It’s lightly snowing today after seven weeks of what can only be termed unseasonably warm and clear weather. Of course, it could also be termed newly seasonable depending on your view of climate change. For here, in Southern Oregon, we should be in the damp and in the muck and in the cold, with snowpack building densely up on the ridges and hills and mountain tops close by.
That snowpack is vital to keep water flowing back into aquifers, streams, and lakes. Vital to help avoid the newly seasonable fire and smoke season every summer. It shows up as early as June these days, smoke pooling in and settling for a spell, a dirty embrace you can’t ever wash off.
When I’d visit here in the 90’s or even in the aughts, smoke was a few weeks. It can be months these days depending on where the fires have started. California is just to our south, dry as bones. Our region is dry as well and our valley acts like a bowl, letting itself be filled with whatever there is to fill it, from misty fog to acrid smoke.
Anyone that hasn’t lived through smoke and fire seasons may not understand the thick oppressiveness of the smoke, where your vision is obscured by swaths of brown and the smell of poison in the air. It fatigues and chokes and feels like a section of the future we all thought was just science fiction. The future is here and in our region it’s smoke and fire.
So, all this to say I’m quite happy that it’s snowing outside and would take days and days of the wet stuff if it meant avoiding even a week of the hot and dry. Summer used to be lovely.
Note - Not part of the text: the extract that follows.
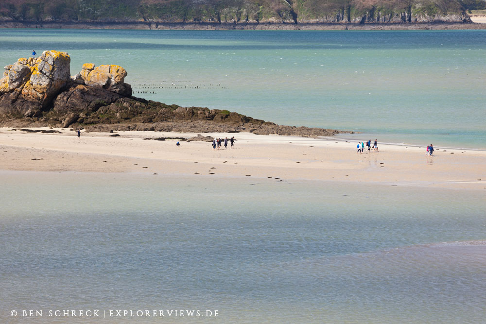 Erst bei einem Gezeitenkoeffizient größer 50 wird das Archipel zu Fuß erreichbar. Das heißt es braucht wenigsten eine mittlere Gezeitenphase, damit das Wasser bei Ebbe soweit abläuft, damit die Sandbänke frei liegen.

Now it’s a season of dread.
It’s not really sticking, the snow, not at my altitude, though the close hills look properly sugar-dusted. I had to get out of the house and I meandered up to Pony Espresso feeling the tug to write.
This whole medium account seems a bit discombobulated. In the kid’s parlance, what’s my brand messaging, anyway? Cringe to even ask I suppose. I’ve written lots of words in my life, hundreds of thousands, some serious and business focused, but the majority have been prosaic, poetic, in the form of essays. I might best be called an essayist, as I’ve written short pieces on things that mean things to me perhaps to scratch a curious itch about a thing that bothers me, or to tell a story that might shift cultural or social norms, or just because I like how the words feel in my head and on the page. Maybe because I want to narrativize my life.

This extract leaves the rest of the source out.